Disclosure of Invention
In order to avoid the defects in the prior art, the invention provides a modeling and optimal design method of a variable-rigidity composite material cylindrical shell.
The idea of the invention is that the establishment of a simulation analysis model of the variable-stiffness composite material cylindrical shell is realized by a discrete finite element method and parametric programming, a neural network approximation model is introduced in the design optimization process, and the rapid response analysis and optimization design of the mechanical property of the cylindrical shell are carried out by taking the fiber laying starting angle and the layering quantity sequence as variables, so that the problem of overlong analysis period of the variable-stiffness composite material in the application of the underwater pressure-resistant cylindrical shell is solved, and the optimization design efficiency is greatly improved; the method has wide popularization significance in the aspects of improving the structural design and optimizing the efficiency of the variable-rigidity composite material cylindrical shell.

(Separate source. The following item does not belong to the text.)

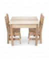 Pull one of the two durable chairs up to the child-size table--they're sized just right for kids, but strong enough to hold grown-ups, too! This sturdy wood table-and-chairs set comes in a natural finish to fit with any home décor, and wipes clean to stay looking crisp and clean. The three wooden pieces are simple to construct with just a Phillips-head screwdriver, and incredibly sturdy once assembled. Top the table with a child's favorite puzzles or use it for arts and crafts, tea parties, puzzle play, lunch and snacks, and so much more! Two chairs have an 11-in seat height. Assemble with a Phillips-head screwdriver, not included. Chairs maximum load 100 lbs.

The technical scheme adopted by the invention for solving the technical problems is as follows:
a modeling and optimal design method of a variable-rigidity composite material cylindrical shell is characterized by comprising the following steps:
step 1, carrying out unit discretization design on a geometric model of a cylindrical shell;
discretizing the geometric model according to a mathematical model of linear change of the fiber path of the composite material, wherein the mathematical model of the fiber angle change is expressed as follows:
in the formula, theta is the fiber angle, T0Is the angle of the fiber at the midpoint of the cylinder, T1Is the fiber angle at the cylindrical end point, x is the axial coordinate, and L is the cylindrical shell length; according to the expression, three of the cylindrical shell are arrangedThe dimensional geometric model is evenly divided into a plurality of circular ring structures along the axial coordinate, and each circular ring is further refined into discrete units according to the grid size of the designed finite element analysis;
step 2, endowing the discrete units with variable-rigidity composite material properties;
dispersing continuous fibers into a plurality of independent units, and assigning the variable angles and the same material properties to the discrete units according to the principle that the fiber angles corresponding to the same axial coordinates in a translation method are the same, so as to complete the simulation modeling of the continuous variable-angle fiber laying path;
step 3, carrying out variable angle parameter assignment on the discrete units in the model in the step 2 and establishing a finite element model;
step 4, carrying out a small amount of finite element analysis on the parametric analysis model, extracting sample points, and establishing an approximate model of buckling analysis and optimal design; establishing an approximate analysis model by a Latin hypercube method and a radial basis function neural network agent model method; the approximate model method is based on Gaussian radial basis functions and is realized by self-defined programming;
step 5, carrying out optimization design on the established approximate model; the optimization design is carried out aiming at the approximate model established in the step 4, and a multi-island genetic algorithm is adopted for optimization design.
Advantageous effects
The invention provides a modeling and optimal design method of a variable-rigidity composite material cylindrical shell; firstly, carrying out unit discretization design on a geometric model of a cylindrical shell; then, endowing discrete units of the geometric model of the cylindrical shell with variable-rigidity composite material properties; variable angle parameter assignment is carried out on discrete units in the model, and a finite element analysis model is established; secondly, carrying out a small amount of finite element analysis on the parameterized analysis model of the discrete units in the model, extracting sample points, and establishing an approximate model of buckling analysis and optimal design.
The modeling and optimization design method of the variable-stiffness composite material cylindrical shell realizes the establishment of a simulation analysis model of the variable-stiffness composite material cylindrical shell through a discrete finite element method and parametric programming, then introduces a neural network approximate model in the design optimization process, and takes the sequence of fiber laying starting and stopping angles and the number of layers as variables to perform quick response analysis and optimization design of the mechanical property of the cylindrical shell, thereby overcoming the problem of overlong analysis period of the variable-stiffness composite material in the application of the underwater pressure-resistant cylindrical shell and greatly improving the optimization design efficiency; the method has wide application and popularization significance in the aspects of improving the structural design and optimizing the efficiency of the variable-rigidity composite material cylindrical shell.
Drawings
The following describes the modeling and optimization design method of the variable-stiffness composite material cylindrical shell in detail with reference to the accompanying drawings and embodiments.
FIG. 1 is a two-dimensional schematic of a composite cylindrical shell geometry.
FIG. 2 is a schematic diagram of material distribution of a variable-stiffness cylindrical shell simulation analysis three-dimensional model.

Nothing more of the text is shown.